Netanyahu: A Thank You and Higher Fines

YERUSHALAYIM
Municipal inspectors patrol the Carmel market in Tel Aviv, to check that shop owners are obeying the coronavirus rules. (Miriam Alster/FLASH90)

With the coronavirus lockdown gradually lifting, Prime Minister Binyamin Netanyahu‏‏ thanked the Israeli public for its cooperation in lowering the morbidity rate to a level below that of European nations, some of which are now entering lockdown, Arutz Sheva reported on Thursday evening.

However, apparently the level of cooperation needs boosting. Citing violations of the health regulations Netanyahu said he will propose next week an increase in fines for individuals and institutions that flout the restrictions.

“This is not directed against anyone, it is meant against something: against the virus and against the disease. I expect cooperation from everyone, without exception,” he said.

The Health Ministry Thursday reported that 577 new coronavirus cases were diagnosed since Wednesday midnight, putting Israel’s caseload at 308,166.

The death toll since the start of the pandemic also rose to 2,319.

Out of the 17,869 patients currently battling the disease, 580 are in serious condition, with 227 connected to ventilators.

With 22,133 tests conducted by Thursday evening, the national infection rate stands at 2.6%.

Meanwhile, a Health Ministry report saying that schoolchildren are “super spreaders” of the coronavirus and casting doubt on the wisdom of an early reopening of the educational system, was drawing flak from a number of experts.

The study reported that eight percent of the 678,000 COVID-19 tests conducted on children under age 17 January 27 to September 24 came back positive. This was 2% higher than the rate from some 2.6 million tests conducted on adults during the same period.

It noted that children can act as “superspreaders” since 51% to 70% of them do not show symptoms of the virus, and said that in 17 cases tracked by the Health Ministry, children managed to infect over 10 of their peers.

But a research group at Hebrew University and Hadassah Medical Center strongly contested those conclusions.

Epidemiologist Ronit Calderon-Margalit asserted that the Health Ministry got it wrong, telling The Times of Israel that the report “seems to misinterpret data in a way that blames children in the propagation of disease.”

Calderon-Margalit, an adviser to coronavirus czar, Ronni Gamzu, said that the report loses credibility by drawing broad conclusions for children as a whole, while medical evidence suggests that under-10s, who rarely catch the virus and infect others, differ sharply from over-10s, who reflect adult-like patterns in relation to COVID-19.

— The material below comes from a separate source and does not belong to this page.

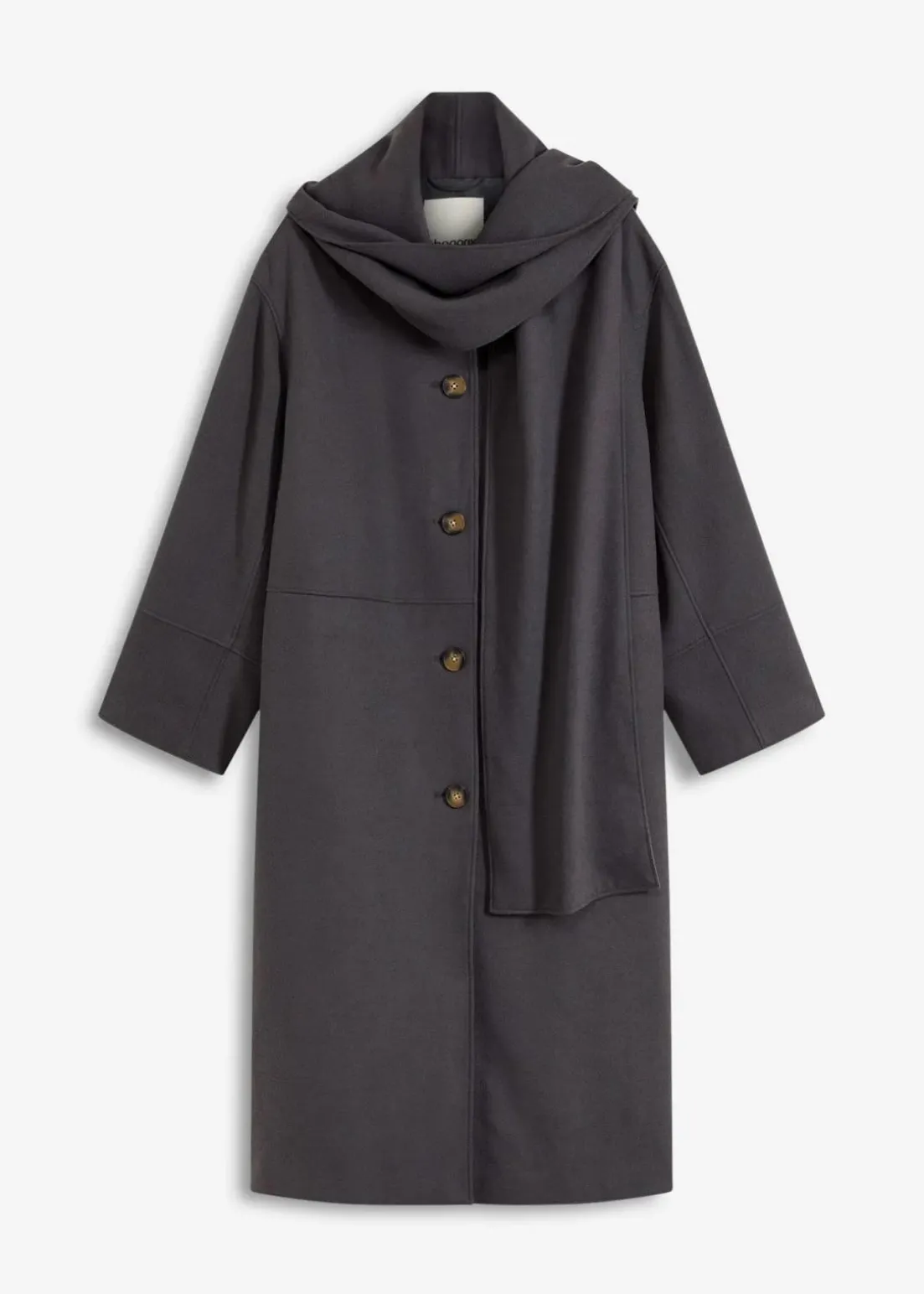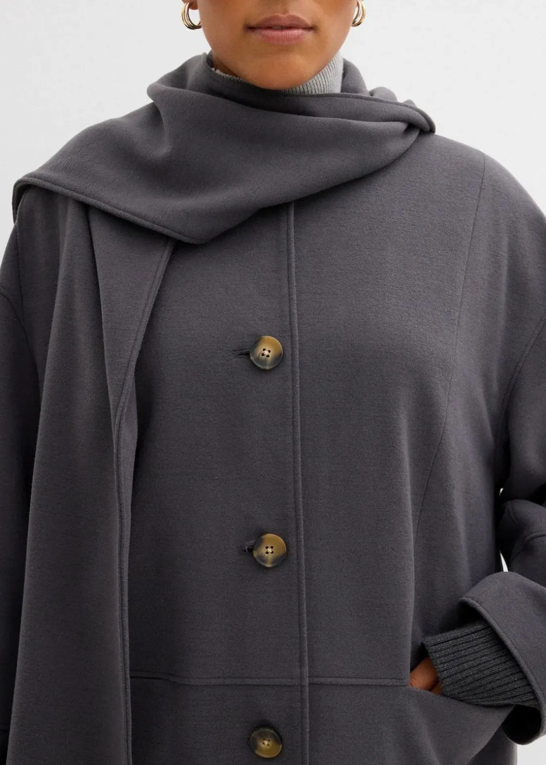 Langer Oversize-Mantel mit Schaldetail sowie langen weiten Ärmeln. Vorne mit zwei dezenten Nahttaschen, welche aus Qualitätsgründen bei Lieferung geschlossen sind. Diese können bei Bedarf aufgetrennt werden.
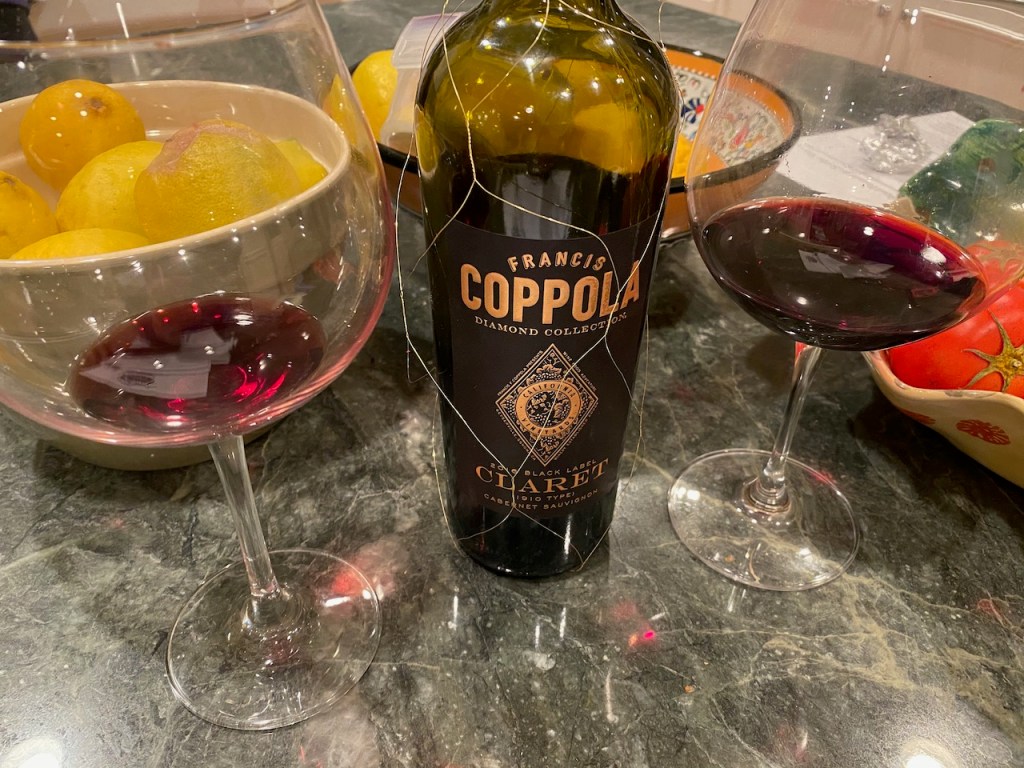One of the good things about getting takeout is that you can BYOB since you are sitting in your house. We pop open a bottle of Coppola Claret from the Diamond Collection. It’s a big-bodied Cabernet Sauvignon that’s made like a Claret from early last century. Let’s party like it’s 1910! After we open it and have a taste, we panic–have we just opened a $100 bottle of wine? Fortunately, you can get one for about $15.

The report reflects a misconception that schools are behind the latest outbreak, she said. “The reopening of schools on September 1 was not the vector for the outbreak, and you cannot assume that closing them on the 17th was the reason for the decline in morbidity.”

A response to the Health Ministry report, signed by all nine members of the research group, said: “The data presented in the report clearly demonstrates that children are less contagious, and they most often get infected from adults, not the other way around, and that they constitute a small percentage of the super-spreaders in the population, 9.4%.”

Ora Paltiel, professor at the Braun School of Public Health and Department of Hematology at Hadassah-Hebrew University and one of the nine signatories said: “The serological study was a non-representative sample of people who came to clinics. Children do not come unless they are sick and rarely have routine blood tests, if ever. Therefore the children in the survey were more likely to be sick and were not proportionately represented in the survey.”

To Read The Full Story

Are you already a subscriber?
Click to log in!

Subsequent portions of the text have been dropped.